圖：第二軍醫(yī)大學(xué)再生醫(yī)學(xué)研究中心張傳森教授

   論壇開始，來自第二軍醫(yī)大學(xué)再生醫(yī)學(xué)研究中心張傳森教授以“中國干細(xì)胞協(xié)會籌備情況”拉開了當(dāng)天整場大會的序幕。張傳森教授表示干細(xì)胞與再生醫(yī)學(xué)技術(shù)將成為未來治療許多重大疾病的重要手段，并致力于人類健康的改善。中國干細(xì)胞協(xié)會將加快推動干細(xì)胞產(chǎn)業(yè)鏈醫(yī)學(xué)應(yīng)用的發(fā)展，人才隊(duì)伍的建設(shè)和科研產(chǎn)業(yè)轉(zhuǎn)化技術(shù)水平。

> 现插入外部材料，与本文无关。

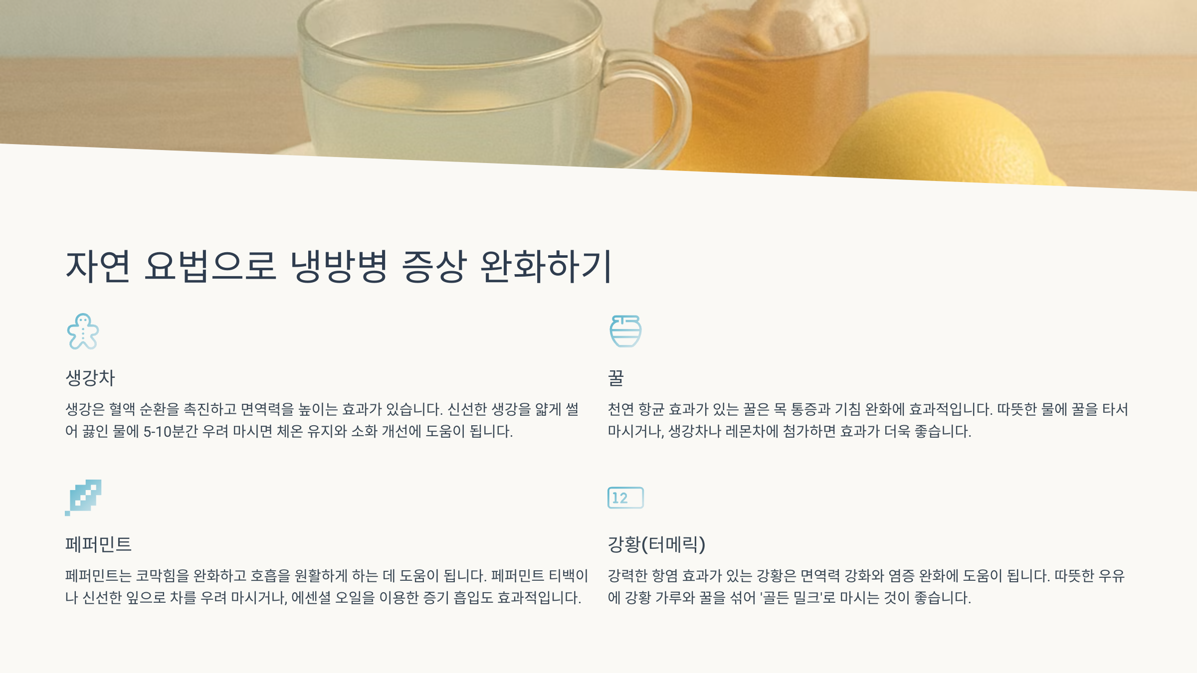 - 생강차, 대추차: 몸을 따뜻하게 하고 혈액 순환을 돕습니다.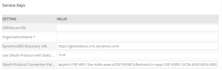 Text | https://globaldisco.crm.dynamics.com | Provide the Dynamics365 Discovery URL for registering cloud CRM service instances. |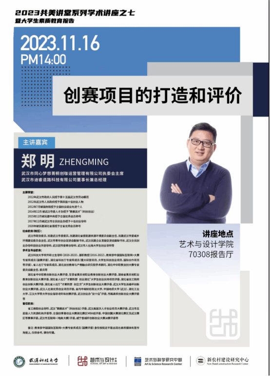 2023年11月16日下午两点,由Beats365唯一官网入口、科学与研究中心、新农村建设研究中心联合主办的2023年老员工素质教育报告之七在70308报告厅顺利举行。本次讲座特邀武汉市同心梦想青桐创业运营管理有限公司执行董事兼总经理郑明先生,为广大师生带来了主题为《创赛项目的打造和评价》的精彩讲座。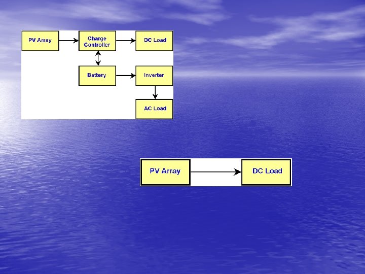 Stand-Alone PV Systems • Stand-alone PV systems are designed to operate independent of the electric • • • utility grid Supply DC and/or AC electrical loads The simplest type of stand-alone PV system is a direct-coupled system, where the DC output of a PV module or array is directly connected to a DC load Since there are no batteries involved in direct load systems, stand-alone PV systems are suitable for such processes as heating and pumping water, ventilation fans, etc…Although they can only work in the day. • Stand-Alone systems may also power AC loads such as batteries. Like the AC adapter which powers your laptop.
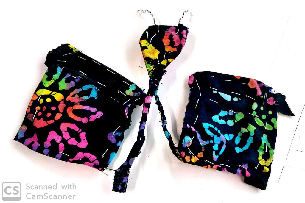 This illustration looks like a butterfly but is a hand grip which portrays the essence of holding tightly in the palm.This is mainly made using wires and is being shaped accordingly.Dividing in shapes it is wrapped in a cotton printed cloth which gave it volume. With the help of staples the cloth was attached to the wires. This model required extreme patience and accuracy in oder to get the right visuals.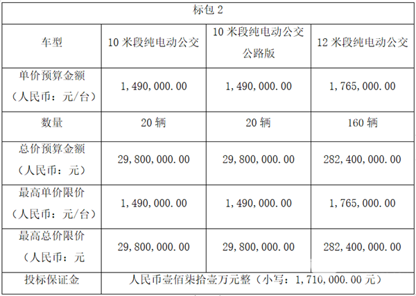 10米段纯电动公交投标单价:¥1,488,500.00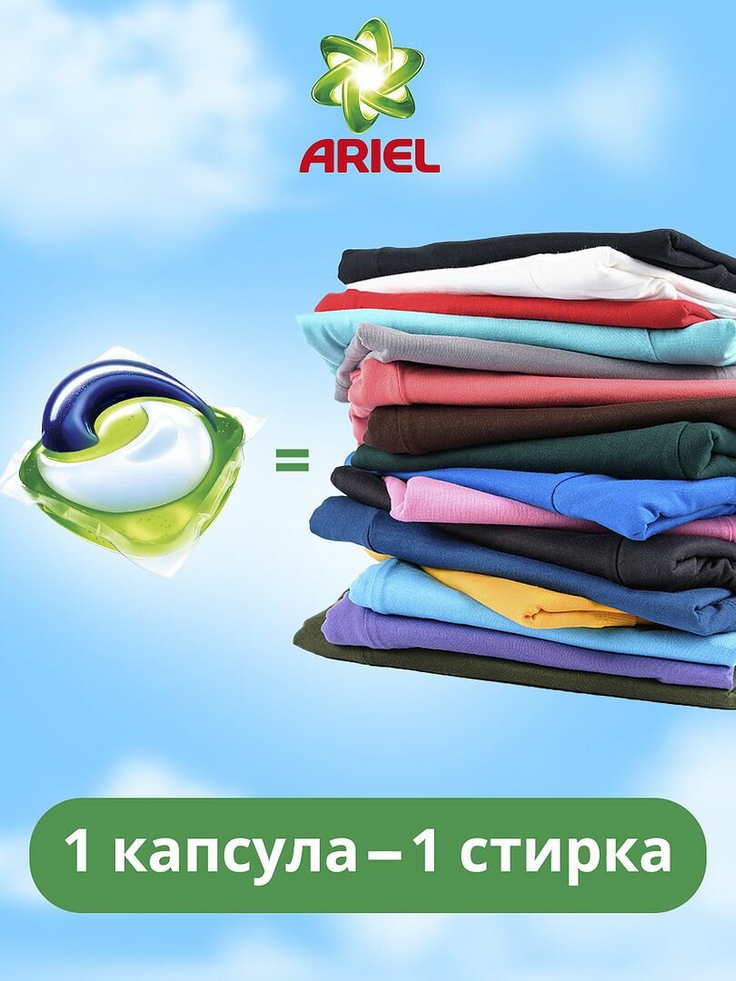 Капсулы для стирки Ariel 54 шт, для цветного, очищение и ароматизация, удаление пятен и загрязнений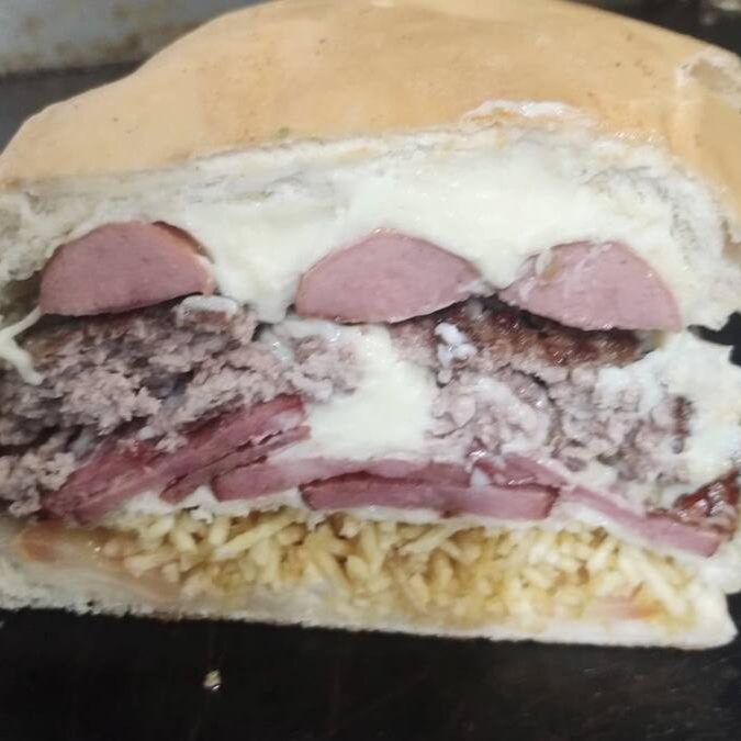 Pão,Maionese, Hambúrguer, queijo, calabresa, Catupiry Original, salsicha, batata palha e tomate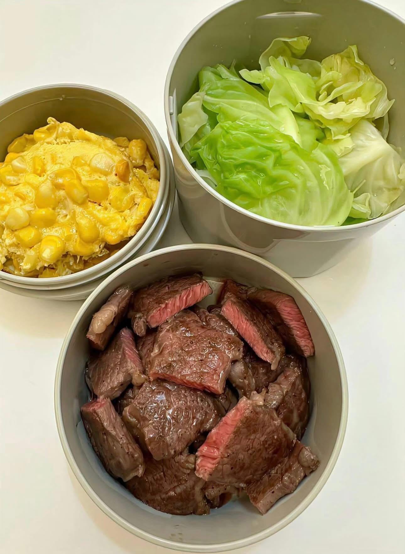 Home made Stir-Fry Beef, Baked Cheesy Corn and Boiled Cabbage.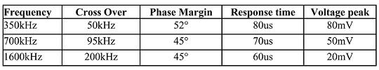 轉換頻率越高就帶寬越大,過沖值就越低。低瞬間電壓過沖對于一些新的性能處理器是必須的,因為它們的調節精度要求可能包括瞬時電壓峰值是3%。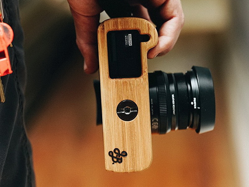 竹やウォルナットを組み合わせた、カメラ用アルミグリップ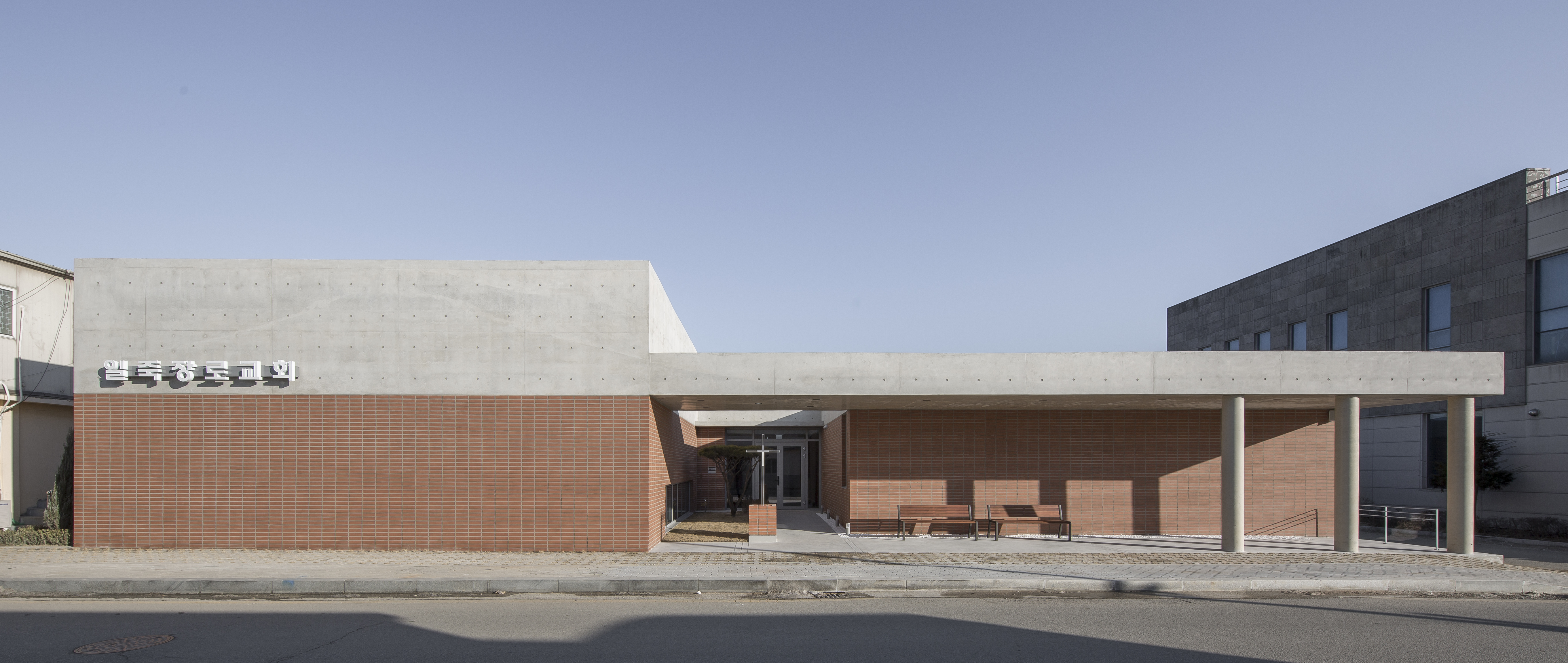 하늘 높이 세우는 대신 바닥에 놓인 작고 겸손한 십자가는 교회의 상징을 낮은 시선으로 끌어내려, 보다 일상적인 공간의 일부로 만든다. 전면 필로티를 받치는 세 개의 원기둥은 삼위일체 교리를 은유하며, 예배실 전면의 천창 아래로 빛이 쏟아지는 붉은 벽은 그리스도의 보혈을 상징하면서 공간에 강렬한 인상을 더한다.

   張同存教授表示，CAR-T技術(shù)由于不需要抗原呈遞，靶向性克服免疫逃逸，多靶向性可能，體內(nèi)長期存活（活藥），多腫瘤表達(dá)相同抗原應(yīng)用廣，是當(dāng)下最有潛力的技術(shù)。隨著我國《“十三五”國家科技創(chuàng)新規(guī)劃》、《干細(xì)胞臨床研究管理辦法（試行）》和《干細(xì)胞制劑質(zhì)量控制及臨床前研究指導(dǎo)原則（試行）》的頒布，干細(xì)胞技術(shù)已被列為我國戰(zhàn)略性、前瞻性重大科學(xué)問題，在國家大力推動包括干細(xì)胞在內(nèi)的尖端醫(yī)療的大背景下，從2017年起，干細(xì)胞產(chǎn)業(yè)相關(guān)政策有望逐步放開，商業(yè)化及臨床化干細(xì)胞治療、質(zhì)控與療效評價具體標(biāo)準(zhǔn)、異體干細(xì)胞治療將會有更大的想象空間。

圖：中源協(xié)和細(xì)胞基因工程股份有限公司陳曉波教授

   陳曉波教授說道，細(xì)胞產(chǎn)品在分類上屬于“人類細(xì)胞、組織或基于細(xì)胞、組織的生物制品”且干細(xì)胞治療屬于生物制品，生物制品生產(chǎn)廠家必須保證其安全，純正和藥效，國際上細(xì)胞治療技術(shù)室按照藥品管理，必須嚴(yán)格進(jìn)行一、二、三期臨床試驗(yàn)。國際上多個發(fā)達(dá)國家和地區(qū)已經(jīng)頒布了干細(xì)胞應(yīng)用的相關(guān)法規(guī)。美國FDA頒布了用于全面管理HCT/P（Human cell and Tissue based products）生產(chǎn)過程的指導(dǎo)規(guī)范，即cGTP（current Good Tissue products），為了保證干細(xì)胞產(chǎn)品可以應(yīng)用在人類生物制品行業(yè)，研究者必須向有管部門提交實(shí)驗(yàn)前產(chǎn)品安全和療效臨床數(shù)據(jù)報告，遞交可證明產(chǎn)品安全和有效的臨床數(shù)據(jù)材料。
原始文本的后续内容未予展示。